In a way, that's what happened with Tay. Instead of disregarding the racist garbage a handful of Twitter trolls were feeding her, Tay gave it just as much weight as the messages being sent to her by people who were earnest or genuinely curious. But that's not what a human would have done. "Most people get a sense when they talk to someone new what their personality is like, and adjust how they react accordingly," Cheng says. AIs like Tay need to get to the point where they're smart enough to do the same, not just to avoid being trolled, but so they can make users feel comfortable, using tools like humor to get people talking. "I think for people to fall in love with a UI, it needs to feel natural," she says.
Talking to a bot doesn't feel natural, yet. But Cheng says the time of the conversational interface has come, even if they're still works in progress. "We should remember that computers are still very hard to use for the majority of people out there," Cheng says. Conversational interfaces can help solve that, which is why companies like Microsoft and Facebook are doubling down on them. But the tech industry is bullish on conversational UIs for reasons that go beyond Luddites, or people with accessibility problems.
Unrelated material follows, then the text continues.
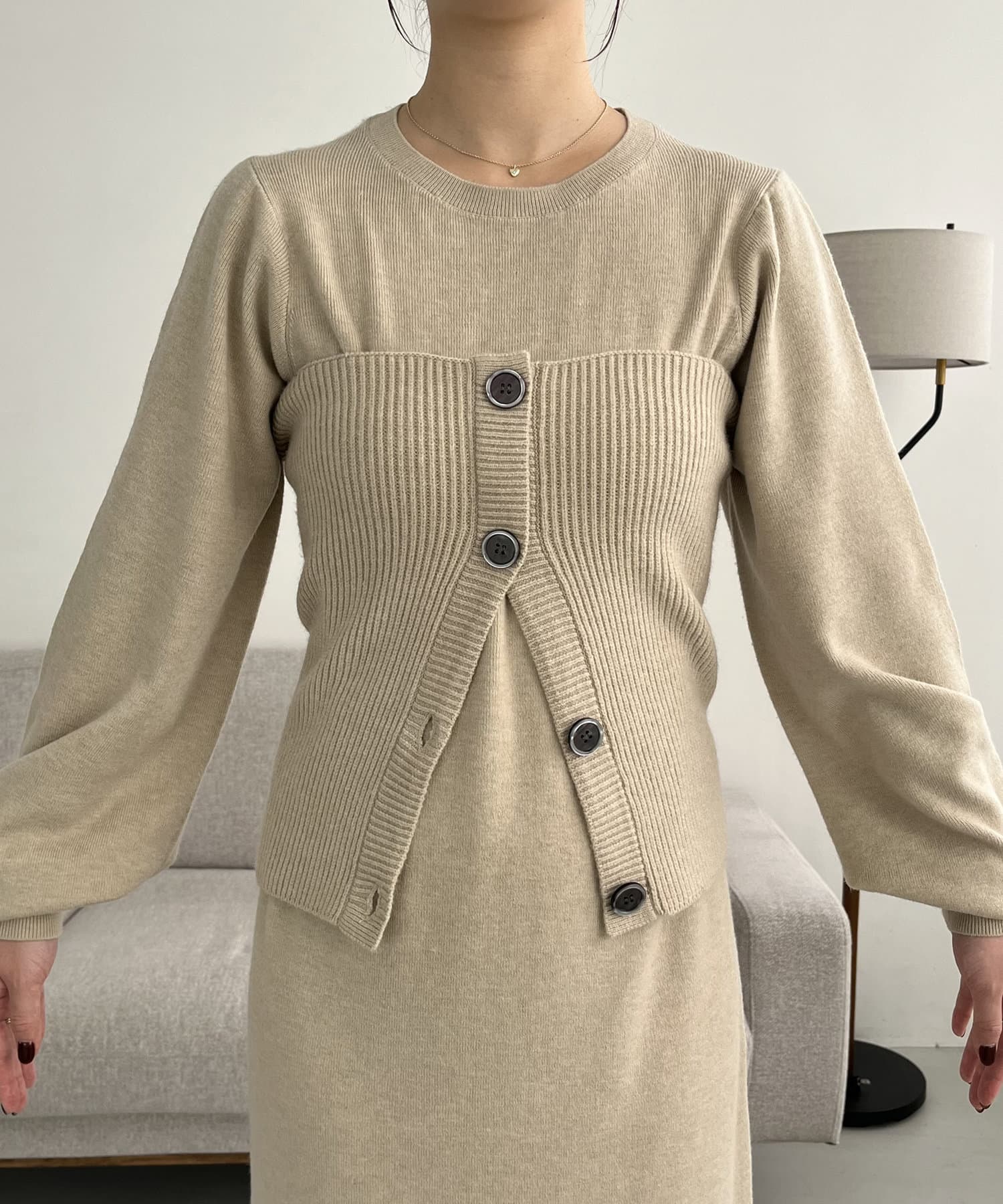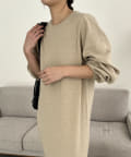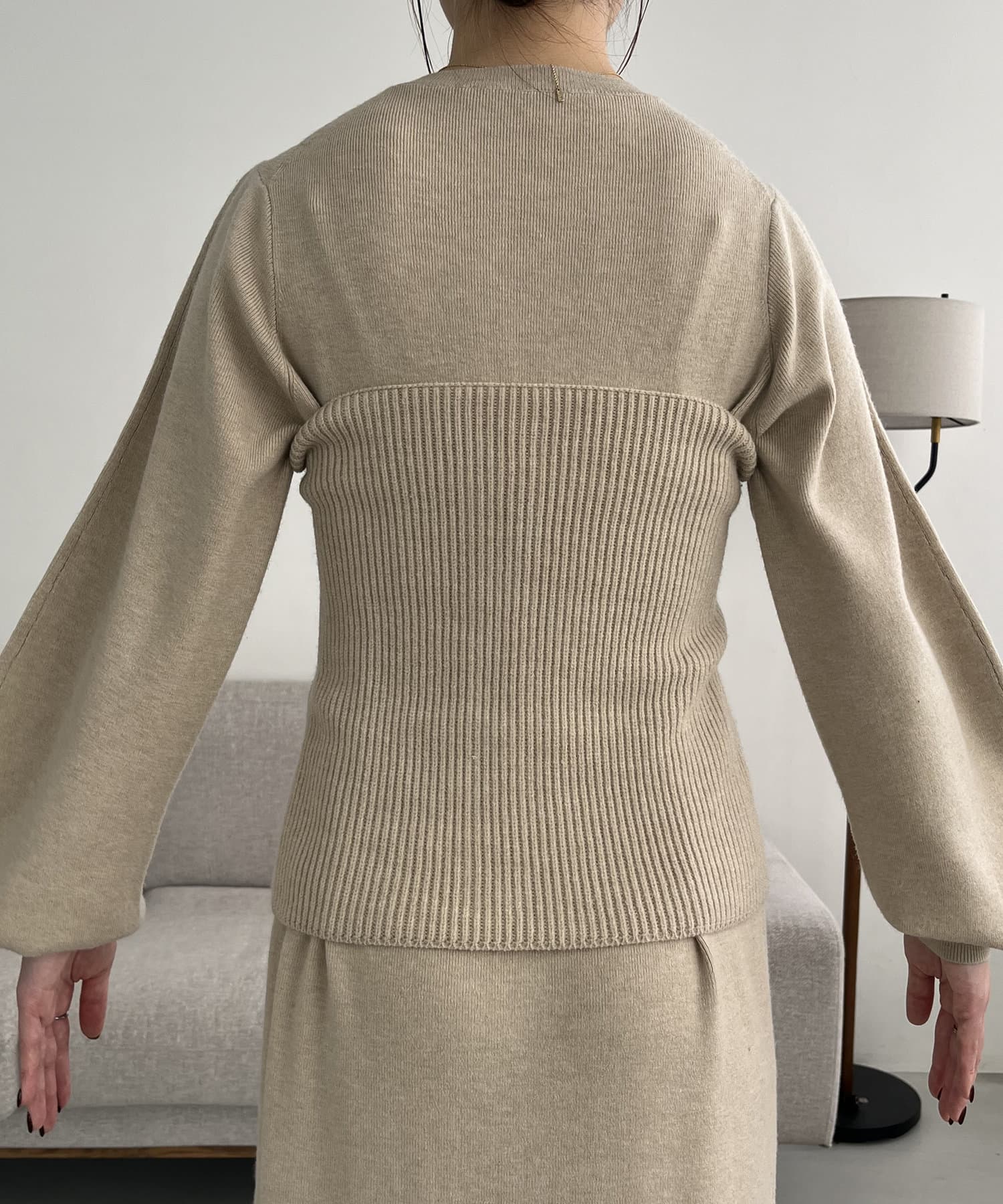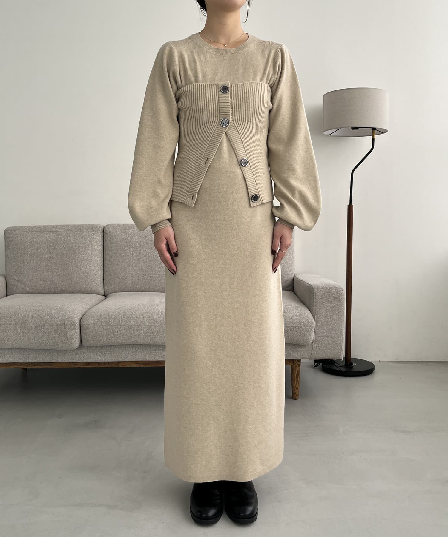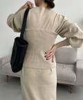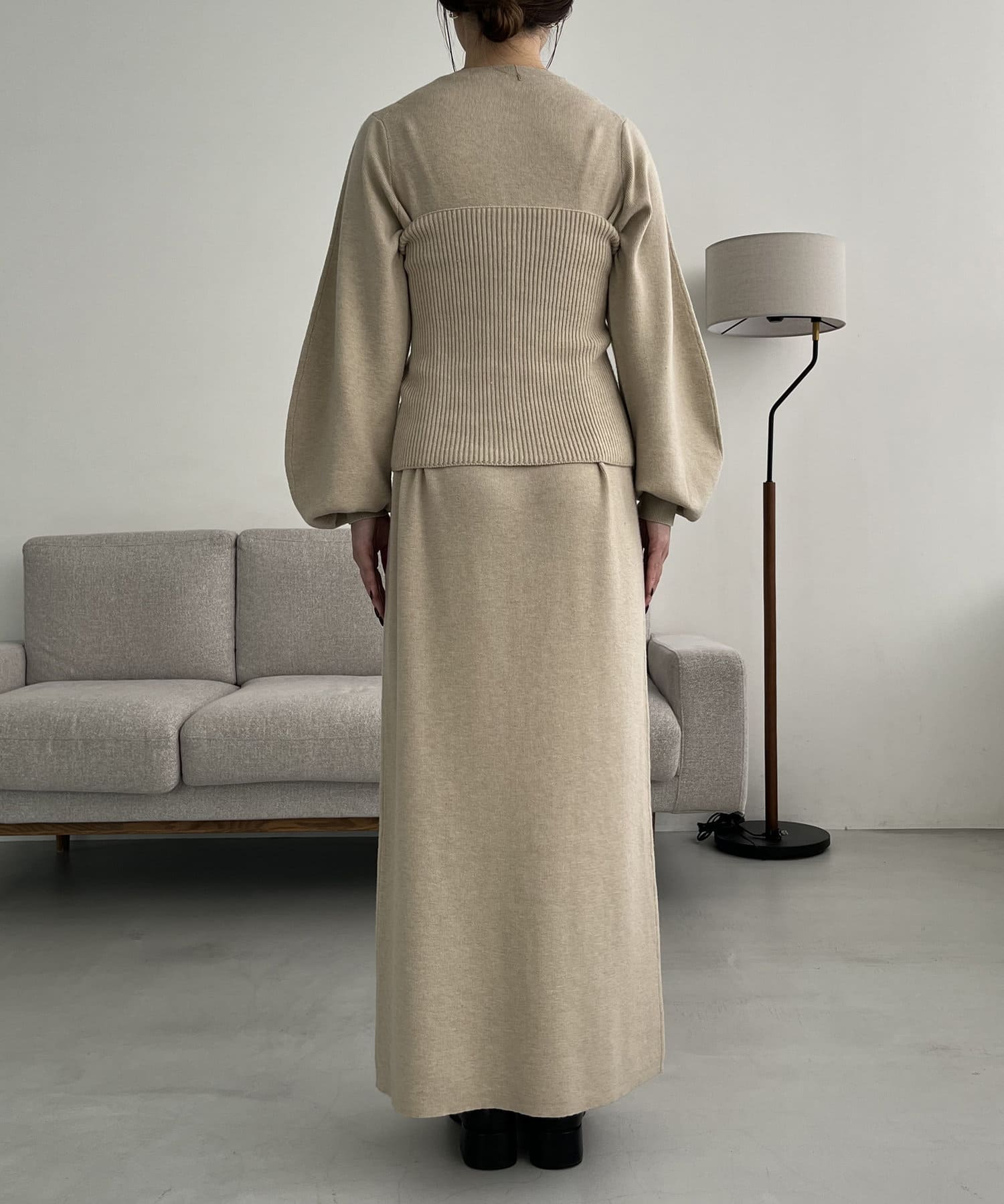 ・パフスリーブのニットワンピースにべアビスチェがセットになったワンピース
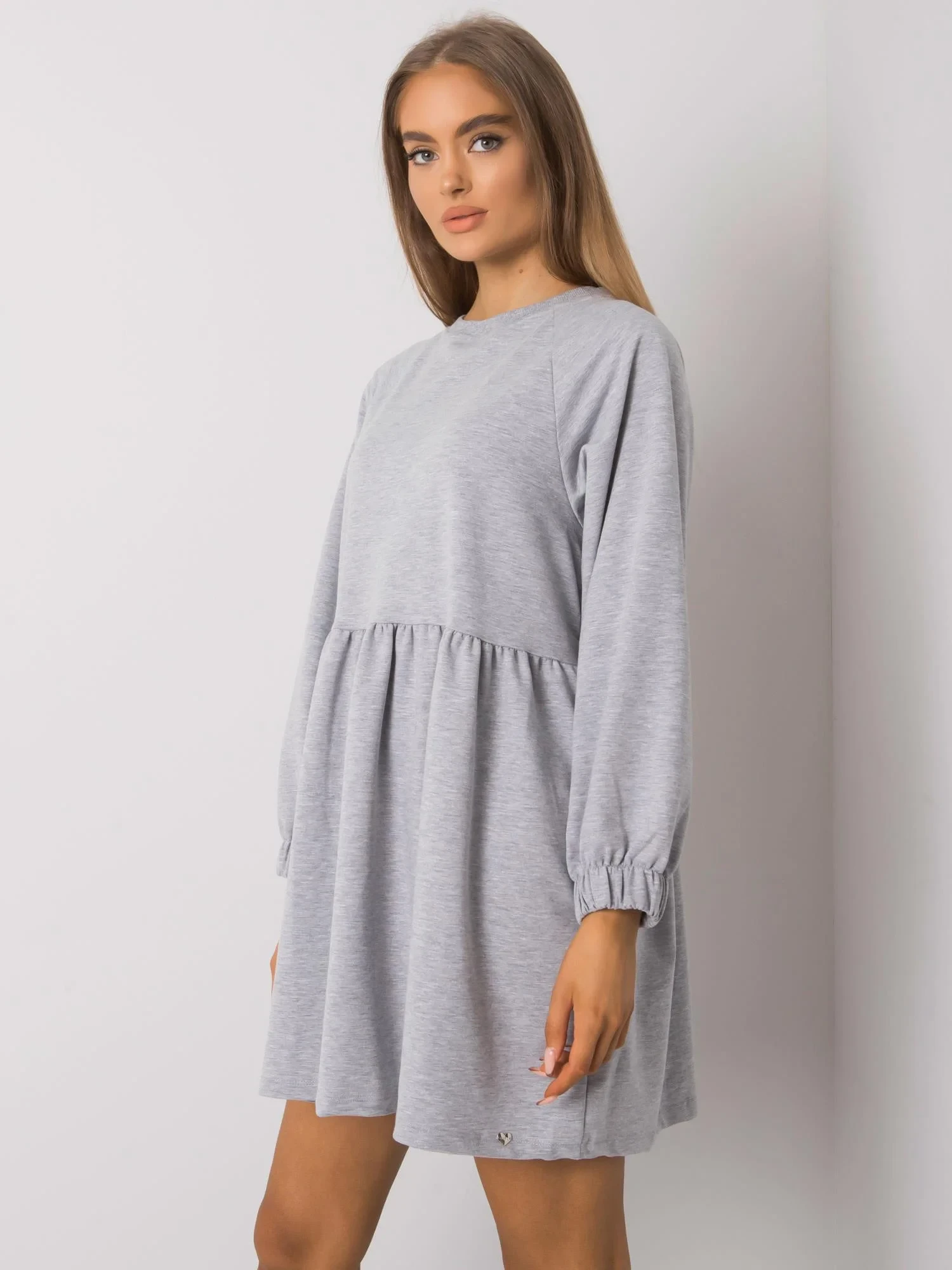 Šedé melanžové základní šaty s dlouhými rukávy .

Almost a decade after Apple released the first iPhone, "everyone has app fatigue now," Cheng says. Which is why both developers and users alike are pining for the holy grail of a more natural user experience: a computer you can talk to like a human.
As Tay shows, there will be growing pains before we get there. But Cheng is confident that a time will come, and soon, when conversational interfaces will be a huge part—maybe even the biggest part—of how people use computers. Because at the end of the day, there's nothing more human, she says, than conversation. "No matter where you are, or what country you're in, people are going to want to chat."